## [Available records]
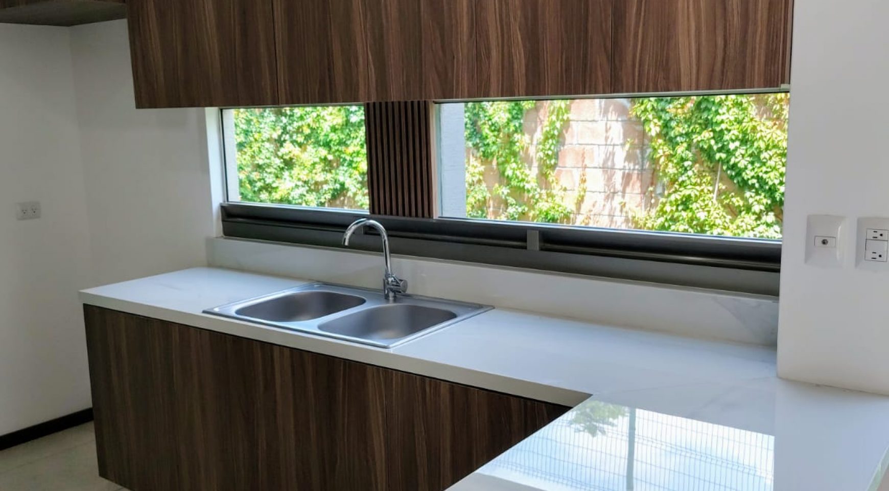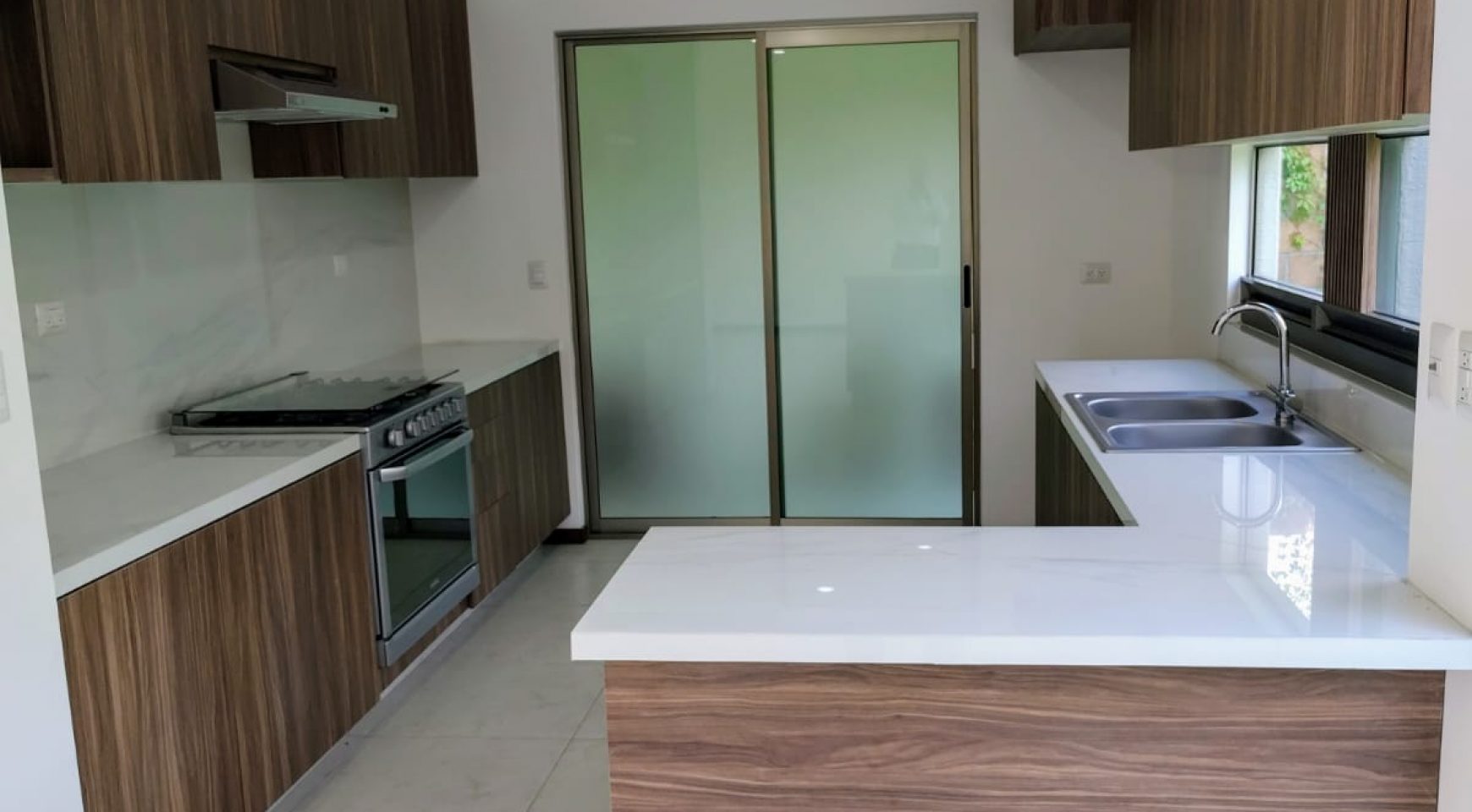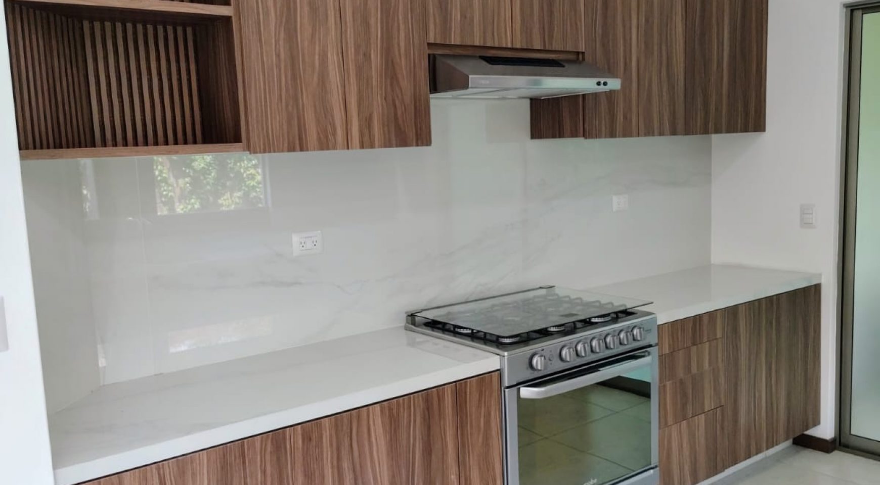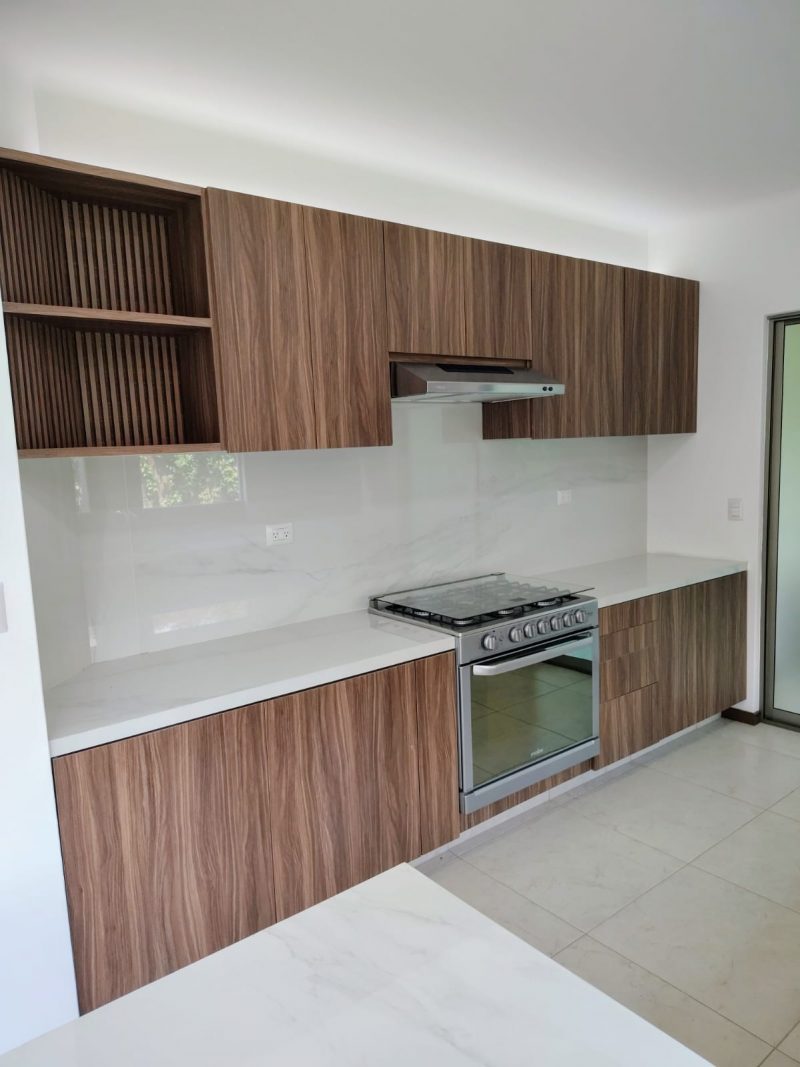 • Cocina integral con barra desayunador con cubierta de porcelanato
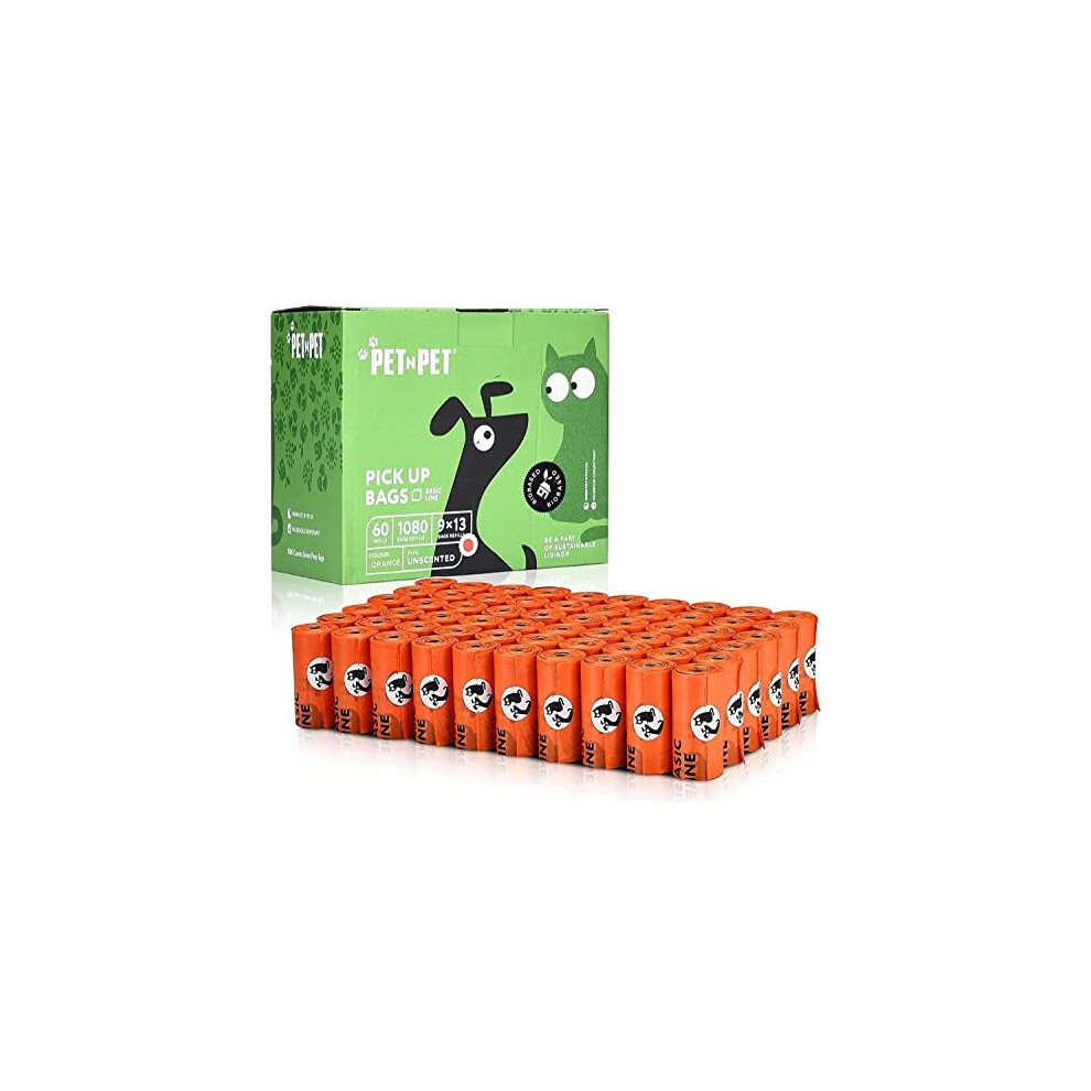 PET N PET Large Dog Poo Bags Biodegradable for Dogs - 1080 Count 60 Rolls Poop Bags for Dog Cat Poo Bag Holder, USDA Certified Nappy Doggy Poop Bags
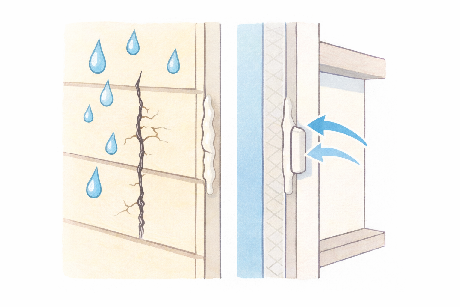 建物は温度変化や地震、振動でわずかに動くため、その動きに追従してひび割れや隙間の発生を防ぐ。
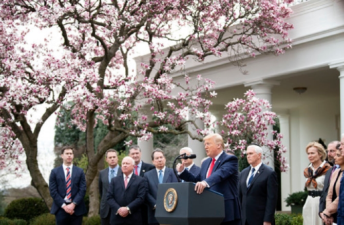 3月13日,美國(guó)總統(tǒng)特朗普(前)在華盛頓白宮發(fā)表講話時(shí)正式宣布“國(guó)家緊急狀態(tài)”。新華社記者 劉杰 攝
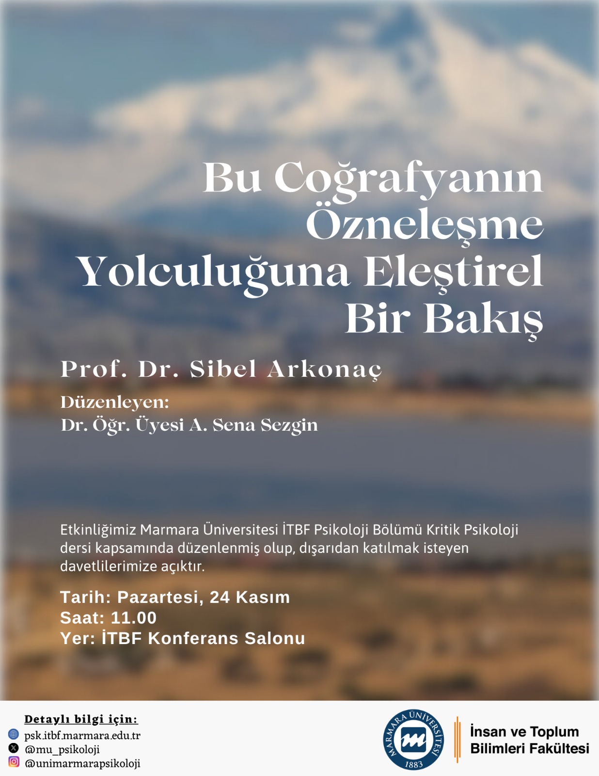 24 Kasım Pazartesi günü saat 11.00’de, Kritik Psikoloji dersi kapsamında Prof. Dr. Sibel Arkonaç’ı “Bu Coğrafyanın Özneleşme Yolculuğuna Eleştirel Bir Bakış” başlıklı konuşması için ağırlayacağız.

## [Exercise description]
Output every line above exactly as it stands, and drop any picture.

## [Output of the exercise]
 • Cocina integral con barra desayunador con cubierta de porcelanato
 PET N PET Large Dog Poo Bags Biodegradable for Dogs - 1080 Count 60 Rolls Poop Bags for Dog Cat Poo Bag Holder, USDA Certified Nappy Doggy Poop Bags
 建物は温度変化や地震、振動でわずかに動くため、その動きに追従してひび割れや隙間の発生を防ぐ。
 3月13日,美國(guó)總統(tǒng)特朗普(前)在華盛頓白宮發(fā)表講話時(shí)正式宣布“國(guó)家緊急狀態(tài)”。新華社記者 劉杰 攝
 24 Kasım Pazartesi günü saat 11.00’de, Kritik Psikoloji dersi kapsamında Prof. Dr. Sibel Arkonaç’ı “Bu Coğrafyanın Özneleşme Yolculuğuna Eleştirel Bir Bakış” başlıklı konuşması için ağırlayacağız.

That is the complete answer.